Kicking things off are the first two pieces—the sparkling Andante and Scherzo—of Mendelssohn’s Op. 81, a collection of four disparate (yet seamless) works that Mendelssohn’s publisher assembled and released posthumously following the composer’s untimely death in 1847 at the age of 38. Both the Andante and Scherzo date from Mendelssohn’s final year, and the Andante contains the only variations Mendelssohn ever wrote for a string quartet.
After the Mendelssohn, the Escher gives the first US performance of the String Quartet No. 4 by Julian Anderson, whose honors, as one of today’s leading composers, include winning the 2023 Grawemeyer Award for Music Composition and being appointed a Commander of the Order of the British Empire (CBE) in 2021 for his services to music.

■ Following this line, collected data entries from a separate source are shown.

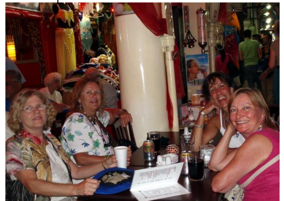
Last Day in Turkey
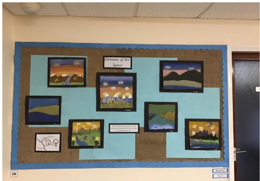
Blackbirds, Space in Art
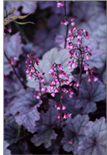
Pink Panther Coral Bells flowers

Pink Panther Coral Bells is a fine choice for the garden, but it is also a good selection for planting in outdoor pots and containers. With its upright habit of growth, it is best suited for use as a 'thriller' in the 'spiller-thriller-filler' container combination; plant it near the center of the pot, surrounded by smaller plants and those that spill over the edges. Note that when growing plants in outdoor containers and baskets, they may require more frequent waterings than they would in the yard or garden.
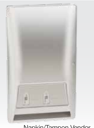
Napkin/Tampon Vendor Model 4A20
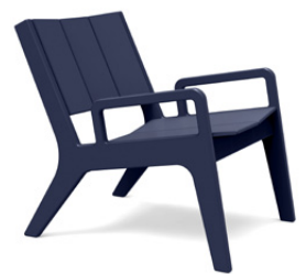
navy blue: NO-NO9C-NB
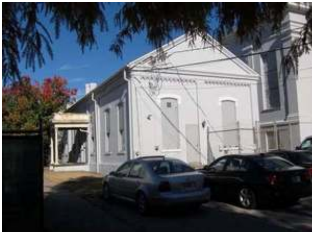
Saved!! 527 Telfair Street, Antebellum Court House Annex

Historic Augusta, Inc. is pleased to announce that during the meeting of the Augusta Historic Preservation Commission on Thursday, December 19, 2013 an architectural design for a new Information Technology Building (IT Building) was presented and approved that is in keeping with the guidelines of the Downtown Augusta Historic District. At the same time, the last remaining 19th Century court building on the block will also be preserved. Plans were approved after two months of discussions and negotiations between city officials, Virgo Gambill Architects, the project designers, members of the Augusta Historic Preservation Commission and representatives of Historic Augusta, Inc.

Anderson’s String Quartet No. 4, which the Belcea Quartet premiered in Lisbon in 2024 before touring it around Europe, is a co-commission between the Festival and six international partners: the Portugal-based Fundação Calouste Gulbenkian, London’s Wigmore Hall, the Vienna Konzerthaus, the Elbphilharmonie Hamburg, Copenhagen’s Mogens Dahl Concert Hall, and Dublin’s National Concert Hall.
Closing out their program is a performance of Dvořák’s masterful, late-career Op. 105, which the Czech composer began while living in America—where, from 1892 to 1895, he served as the director of the National Conservatory of Music in New York City—and which he completed after he returned to Prague.
The Escher makes one more Festival appearance this summer, on Sunday, August 10, when they join violinists Chad Hoopes and Ida Kavafian, violist Milena Pajaro-van de Stadt, and cellist Eric Kim for Enescu’s grand Octet—which, like the famous Octet composed by the previously mentioned Mendelssohn, dates to when Enescu was a teenager.
The members of the Escher String Quartet weren’t much older than teenagers themselves when they first came together in New York City in 2005. Over the past two decades, the ensemble—today made up of violinists Adam Barnett-Hart and Brendan Speltz, violist Pierre Lapointe, and cellist Brook Speltz (Brook and Brendan are brothers)—has won the Avery Fisher Career Grant and been named a BBC New Generation Artist, among other honors. They frequently perform with The Chamber Music Society of Lincoln Center, and they’ve appeared around the world at such prestigious venues as The Kennedy Center and Library of Congress in Washington, DC; the Harris Theater in Chicago; Wigmore Hall; Amsterdam’s Concertgebouw; Berlin’s Konzerthaus; London’s Kings Place; and Paris’s Auditorium du Louvre. Their acclaimed discography includes their two most-recent recordings, both of which were released during the 2022–23 season: Air in Motion, featuring string quartets by the American composer Pierre Jalbert, and Janáček and Haas, a collection of Janáček’s two string quartets and Haas’s Quartet No. 2. The Escher is joined on the latter work by percussionist Colin Currie, whom The Spectator called “the world’s finest and most daring percussionist” and whom you can see this summer when he makes his Festival debut on August 7 in our first-ever solo percussion recital.
The Escher has built a reputation for giving world-class performances that allow them to challenge and explore their artistic boundaries, but they’ve also devoted themselves to music education, having served on the faculties of Southern Methodist University and the University of Akron. Their most recent educational endeavor has been the creation of a non-profit organization called ESQYRE (the Escher String Quartet Youth Residency Education program), which gives students a robust educational experience through music instruction and performance.